Bill McLeod: Mountaineering Legend Book Review
By Ross Cullen, with Pip Lynch
Bill McLeod is a phenomenon who blazed across the New Zealand mountaineering firmament between 1979 and 2005.
Bill only start climbing when he was 30 years old. He moved from the burning plains of Western Victoria to the rain of Fiordland specifically to climb mountains, based for a few years with jobs at the Tourist Hotel Corporation hotel in Te Anau. In western Southland and the Darrans he built his alpine skills. Then, in a typically planned and deliberate way, he focused on a selection of our countries’ highest peaks—Aoraki Mt Cook, Tasman, Hicks and La Perouse—via the hardest routes, in winter, and often alone. All the while he worked on his rock-climbing and methodically lifted his grade range to routes of grade 27. Once more, he shifted focus. He pivoted to alpine rock—Cloudy Peak in the Havelock valley, and the big, hard, little-known peaks in the Huxley, Hopkins and Dobson valleys. Here he created at least fifty new routes (with some of the hardest climbed in winter, and so 'alpine rock' is a bit of a misnomer). At least half these of these routes were solo ascents.

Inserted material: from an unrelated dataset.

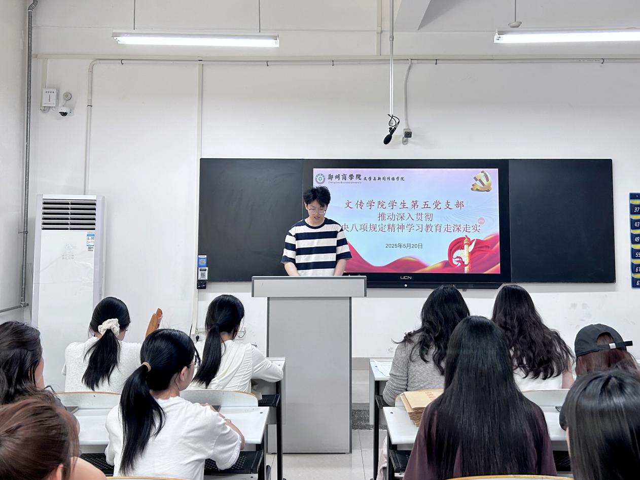 为深入学习贯彻习近平总书记关于中央八项规定的重要讲话精神,深化支部成员对中央八项规定精神的理解,增强纪律意识与责任担当,文传学院学生第五党支部于5月20日在自力楼204教室召开“推动深入贯彻中央八项规定精神学习教育走深走实”主题理论学习会。

Bill stands at the forefront of the great New Zealand climbers of the late 20th century—alongside the likes of Bill Denz, Nick Cradock and, slightly later, Guy McKinnon. What sets Bill McLeod out from the others, however, is his personality. He is, as the book says, an enigma. This, for me, is the heart of Ross Cullen’s biography. It skilfully combines a narrative timeline with articles from the New Zealand Alpine Journal and Canterbury Mountaineer and then weaves in exerts about Bill from letters and recollections from climbing partners. The letters bring to life Bill’s personality and his evolving approaches to the mountains. As the author says, Bill is unusual: incredibly focused on climbing, obsessive, and reclusive. The letters reveal, too, warmth, an analytical mind, joy in his experiences, at times intense worrying, and a deep love of the mountain world from its most savage extremes to its benign beauties.
I’m reminded of the idea that there can be a dizzying balance between genius and madness. Bill was certainly a genius climber, just as he could also be consumed by worry. Bill was a very deliberative climber, one careful move after another, moving steadily, and equipped for whatever the mountain threw at him, including bivvying. His style sometimes bothered companions who preferred to move fast and light, but Bill rarely made a mistake, as his record shows.
Bill gave up employment in the early 1980s. From then till the early 2000s he lived in a van and, notoriously frugal, seemed to subsist on a benefit. He was drawn increasingly to the Mackenzie Country. In 2001 he bought a house in Twizel. As his climbing days wound down and injuries accumulated, he took to exploring the basin on bike and on foot. Additionally, he devoted his time to shortwave radio, a pastime known as DXing. Now in his late seventies, the focus of Bill’s life is the Basin, biking, and his radio.
This book is thoroughly recommended. Ponder in awe Bill’s solo ascents of the Yankee-Kiwi Couloir on Mt Hicks, or his big solo first ascents on Abseil Peak, Gormenghast on the South Face of Hopkins or Megawatt on the East Face of Mt Townshend. Read it to understand what made Bill tick as a cutting-edge climber. But above all, read it to enjoy the life story of a legendary mountaineer.